The Misunderstood Millennial

A Slew of Bullshit Studies Prove Nothing About Millennials

By Ryann Casey


Everybody is obsessed with every move millennials make. What we eat, what we wear, what apps we use, how we’re dating, if we’re dating, and now our sex habits. Older generations fixate on deeming this generation as self-absorbed slackers who never leave home, leech off our parents and prefer virtual realities to any real human connection. It’s increasingly difficult to imagine any intergenerational interactions without judgement or negative comparisons filled with “when I was your age…”

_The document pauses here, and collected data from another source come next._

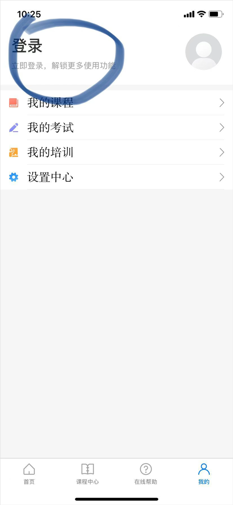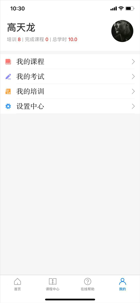 点击”我的”进入个人中心可以查看我所在的培训、我的考试、我的课程以及进行修改密码、修改个人信息等操作。
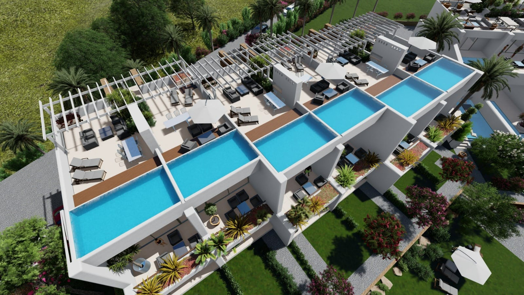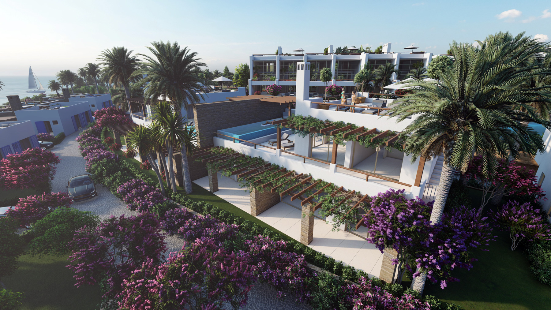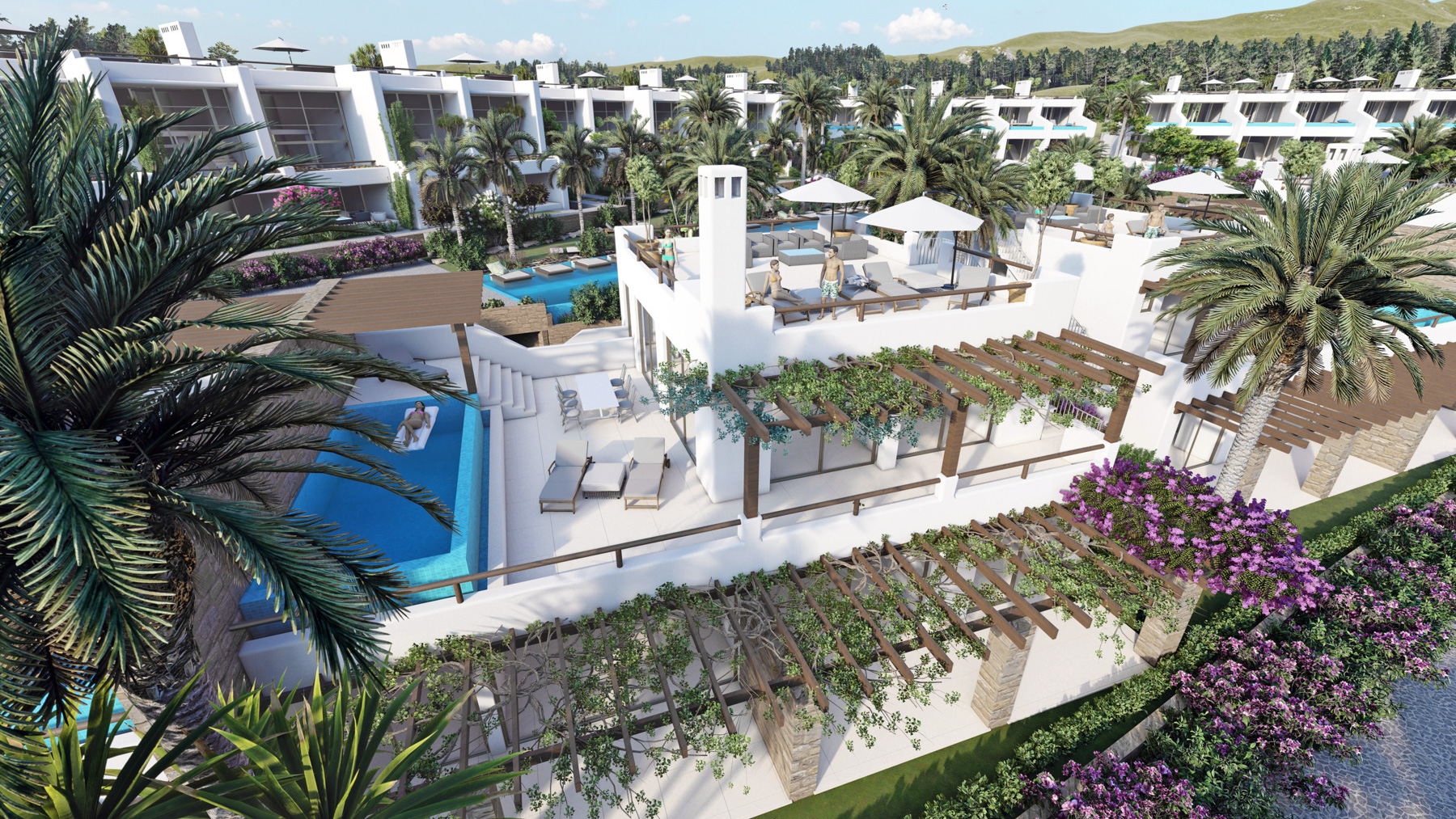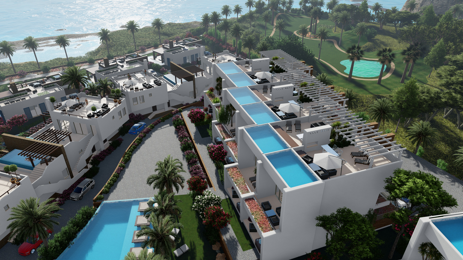 Yunan tarzı mimari tasarımı ile komplekste şık bir tatil beldesi havası yaratılmıştır. 8 adet 3+1 villa ve 72 adet 1+1, 2+1 ve 3+1 düzeninde daire bulunmaktadır. Çatıda çatı havuzu, sonsuzluk havuzu, barbekü alanı ve jakuzili çatı katları bulunmaktadır. Villalar ortak ve özel havuzlu olmak üzere 2 tipe ayrılmıştır. Ortak havuzlu villaların kendilerine ait küçük bir koyları bulunmaktadır. Villaların alt katlarında jakuzi bulunmaktadır.
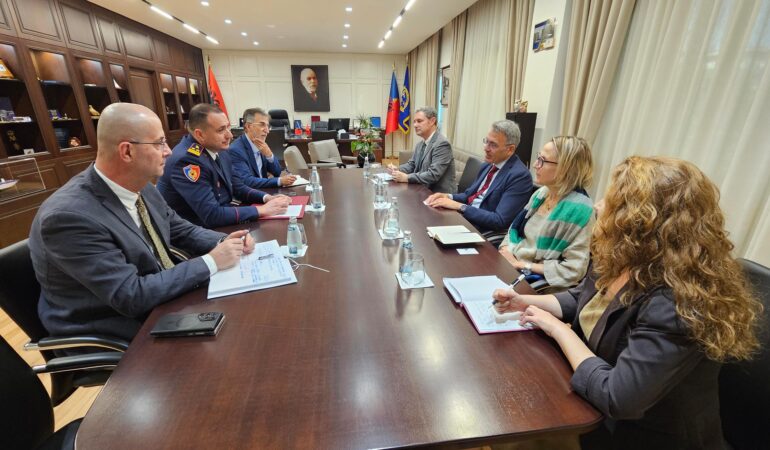 Drejtori i Përgjithshëm i Policisë së Shtetit, Drejtues Madhor Ilir Proda, priti sot në një takim znj. Francesca Varlese, Menaxhere e Programit në Delegacionin e Bashkimit Europian në Tiranë, z. Giovanni Pasqua, Koordinator Ndërkombëtar i projektit EU4LEA, si dhe z. Thierry Vignes, Ekspert i Përhershëm Ndërkombëtar për Format Evolutive të Krimit të Organizuar dhe Policinë Shkencore, i emëruar nga CIVIPOL.

The fascination with a younger generation and proving how they’re “wrong” compared to your own age group is typical if understandable, but two recent studies are to blame for the newfound obsession and misjudgments surrounding our generation’s sexual habits.

sex partners

One of these studies, published in the Archives of Sexual Behavior, claims that millennials are having much less sex than expected, especially in comparison to their predecessors of previous generations. Among 20–24 year olds, more than twice as many Millennials, born in the 1990’s, had no sexual partners since age 18 compared to Gen Xer’s, born in the 1960’s. While that comparison sounds astonishing, in actuality it only adds up to 15% of millennials compared to 6% of our parents’ generation, so 85% of our generation is still currently sexually active. The average number of sexual partners millennials have is 8, down from 10 of our parents’ generation and 11 of our grandparents.


The other study, published in Eater’s Digest, claims that 54% of millennials believe that eating can be as pleasurable as sex, with 35% agreeing that they would choose “an excellent dinner at a restaurant” over sex! Again, claims that sound unbelievable until compared to other generations answers. In the same study, 49% of Gen Xer’s and 42% of Baby Boomers agreed that food can be as pleasurable as sex, with 30% of Gen Xer’s and 35% of Baby Boomers claiming they would choose a nice dinner over sex. So in reality grandma was just as willing to leave the bedroom to fine dine at our age as we are.

Aside from the numbers being misleading, times are completely different now than in our parents and grandparents generations. It makes sense that more Gen Xer’s and Baby Boomers were sexually active during their early 20’s because most of them were married by that point! The situational differences between generations are paramount, making a study that compares two age groups who overwhelmingly lead completely different lives meaningless.


The real implications of these sex studies are positive, and delaying sex isn’t necessarily a bad thing. Being intentional about our sex lives can lead to stronger relationships down the road. Women’s roles have changed, teen pregnancy has plummeted to a historic low, and we have access to reliable birth control. Women feel more empowered to say no. Our generation is extremely accepting of consensual sex, but we are far less accepting of pressured sex.


Millennials are also the most highly educated U.S. generation with the largest increase in women attending college and attaining degrees. We’re getting married later which delays family formation, but even with marriage rates dropping among young adults, 90% of them will go on to marry later in life.

Better sex education makes millennials more knowledgeable, we’re more ambitious in careers and more cautious in relationships. Many millennials are so selective because they come from single parent homes or have divorced parents, so want to avoid getting divorced themselves. We view marriage and sex as attachment and we fear being attached before we’re ready.


We’re products of divorce, so we’re not jumping into anything serious. We’re afraid of getting hurt and can you blame us? Most of our parents got married and had children at younger ages than we are now, and we see them struggling to find themselves as adults. Our parents (and some grandparents) are going back to school, getting new jobs, and even dating. We’re as much a support system for our parents as they are for us, and we are trying to learn from their mistakes.


We’re not taking longer to grow up, we’re learning about ourselves before we tie ourselves to someone else and take on more responsibility.  We don’t want to crash and burn when we’re older; we want to be sure about our choices. Instead of moving out at a young age to be dependent on a spouse we’re staying home until we can depend on ourselves.


Millennials are very self-centered, as we are constantly told by our parents and grandparents. But if  being self-centered means we are willing to stand up for ourselves and look out for our best interest without being pressured into things or having to rely on others to get us what we want, then I, as I’m sure my fellow millennials would agree, will take the self-centered badge with honor.

Our every action may not be an equal and opposite reaction to our parents failures, but the constant rooting for millennial failure is growing more ridiculous every day. It’s our individualist mentality that keeps us in school, pushes us to be open minded and accepting, and drives us to fulfill our dreams. So say what you want about our generation, we’re too “self-centered” to care what you think anyway.